Private Credit Unfiltered: Everyone Is Talking Their Book
A field guide to who's selling what in the private credit stress cycle
Everybody’s telling a version of the truth and everybody’s selling you something.
Howard Marks wrote 6,000 words about how private credit lost its mind. Goldman mailed a shareholder letter that read like a recruitment brochure. Blackstone closed a $10 billion opportunistic fund the same week Moody’s downgraded the sector. Cliffwater published a defense. Bain went on Barron’s to say there’s no bubble.
All in the same week. Not one of them disinterested.
None of them are lying, either. That’s the trick.
Every piece of public commentary was a fundraising document dressed up as market analysis. And the 5% redemption gate, the mechanism trapping billions inside non-traded BDCs right now, is what lets these narratives run at the same time without anyone having to be wrong.
The Gate Creates a Narrative Market
A large subset of private credit managers are now processing redemption queues that will take 2-4 years to clear. Blue Owl’s technology fund saw 40.7% of investors request their capital back in Q1. The larger credit fund saw 21.9%. Barings saw 11.3%. All fulfilled at the 5% cap.
These gated managers aren’t frozen. They have revolvers, CLO warehouse lines, and portfolio cash flow from loan maturities and interest payments. OTIC told investors it has $1.3 billion in liquidity across cash, undrawn debt, and other liquid assets against a $6 billion portfolio.
But the constraint is real even if the capital is technically available. When your debt costs are rising, your hurdle rate on new originations goes up, which means you need wider spreads to hit the same return targets, which means you’re less competitive on deals where an ungated fund can bid tighter.

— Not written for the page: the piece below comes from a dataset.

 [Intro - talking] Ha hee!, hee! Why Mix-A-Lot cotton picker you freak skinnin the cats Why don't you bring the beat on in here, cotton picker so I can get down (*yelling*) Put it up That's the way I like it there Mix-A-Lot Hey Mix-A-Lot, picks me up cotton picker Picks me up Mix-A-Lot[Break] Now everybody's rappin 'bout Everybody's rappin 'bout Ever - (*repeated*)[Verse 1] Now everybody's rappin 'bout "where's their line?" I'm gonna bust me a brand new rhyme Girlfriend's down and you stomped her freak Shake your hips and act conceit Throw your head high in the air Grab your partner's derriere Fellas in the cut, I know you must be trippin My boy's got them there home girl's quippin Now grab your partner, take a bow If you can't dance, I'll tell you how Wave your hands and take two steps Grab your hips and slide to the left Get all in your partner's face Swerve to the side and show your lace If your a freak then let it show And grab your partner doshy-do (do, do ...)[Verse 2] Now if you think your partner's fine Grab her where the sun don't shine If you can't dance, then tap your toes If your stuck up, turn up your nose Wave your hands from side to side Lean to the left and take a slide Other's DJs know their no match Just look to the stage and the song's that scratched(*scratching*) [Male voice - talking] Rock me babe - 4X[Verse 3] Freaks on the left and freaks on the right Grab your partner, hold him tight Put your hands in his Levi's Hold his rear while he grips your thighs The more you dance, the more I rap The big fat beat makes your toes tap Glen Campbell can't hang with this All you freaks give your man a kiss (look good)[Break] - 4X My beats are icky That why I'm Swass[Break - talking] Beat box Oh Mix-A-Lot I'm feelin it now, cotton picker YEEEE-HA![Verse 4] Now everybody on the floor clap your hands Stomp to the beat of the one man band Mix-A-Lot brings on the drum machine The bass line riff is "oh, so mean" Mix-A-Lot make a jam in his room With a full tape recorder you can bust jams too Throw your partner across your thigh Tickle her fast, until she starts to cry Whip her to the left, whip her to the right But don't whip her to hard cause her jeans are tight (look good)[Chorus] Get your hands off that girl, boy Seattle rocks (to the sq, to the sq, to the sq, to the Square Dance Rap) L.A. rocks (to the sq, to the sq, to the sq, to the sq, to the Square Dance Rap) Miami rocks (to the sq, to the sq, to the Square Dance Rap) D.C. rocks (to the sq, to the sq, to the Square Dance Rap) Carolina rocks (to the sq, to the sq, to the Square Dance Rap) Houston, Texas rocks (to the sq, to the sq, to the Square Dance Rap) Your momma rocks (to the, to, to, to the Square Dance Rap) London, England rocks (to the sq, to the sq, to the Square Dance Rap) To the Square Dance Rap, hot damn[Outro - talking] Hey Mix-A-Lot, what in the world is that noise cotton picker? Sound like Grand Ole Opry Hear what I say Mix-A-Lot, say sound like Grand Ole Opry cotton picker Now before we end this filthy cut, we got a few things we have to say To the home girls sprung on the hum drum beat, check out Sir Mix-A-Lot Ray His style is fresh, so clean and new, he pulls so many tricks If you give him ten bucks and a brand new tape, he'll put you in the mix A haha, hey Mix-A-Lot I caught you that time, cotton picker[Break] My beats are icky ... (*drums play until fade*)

Boards and risk committees in defensive mode tend to slow deployment even when the liquidity is there. The result isn’t that gated funds stop lending. It’s that they lend more cautiously, at higher internal hurdle rates, with less leverage flexibility, while ungated funds and closed-end vehicles are deploying aggressively into the same pipeline with a structural cost-of-capital advantage.
The queues aren’t shrinking either. Moody’s spelled out the feedback loop in its sector downgrade: investors who were prorated in Q1 will resubmit in Q2 for their remaining balance. Investors who weren’t planning to redeem see the gates go up and submit preemptive requests to get in line. The queue grows even as it’s being processed. At 5% per quarter against a 40% backlog, the math alone takes 8 quarters to clear, and that assumes zero new requests.

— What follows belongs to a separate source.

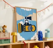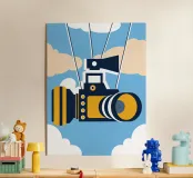 A stylized illustration of a camera suspended in the sky, perfect for photography-related designs.

That vacuum is what everyone else is positioning around. The public commentary sounds like market analysis when it really functions as a sales pitch.
Goldman Telling You Exactly What’s Happening
Goldman Sachs Private Credit Corp. (GSCRED) was the only major non-traded BDC to come in under the 5% quarterly redemption cap (4.999% to be exact). The shareholder letter didn’t just report this. It built an investment thesis around it.
The fund said the retreat of retail capital will produce a more lender-friendly environment, reversing the supply-demand imbalance that benefited borrowers in recent years. Wider spreads. Stronger documentation.
Why did Goldman avoid the gate? Institutional LPs accounted for more than 80% of their platform’s capital. Long-duration commitments from pensions and sovereign wealth funds that aren’t subject to the same redemption dynamics as retail vehicles. The fund didn’t outperform on credit quality. It outperformed on LP composition.
The bond market is reading the same signals. GSCRED sold $750 million of notes on Tuesday, a day after OBDC sold $400 million of bonds, the first BDC offerings since February. The GS deal priced at 255bps over, about 30 bps tighter than initial price talk. The Blue Owl notes priced at 270bps with a 6.5% yield, rated Baa2/BBB-.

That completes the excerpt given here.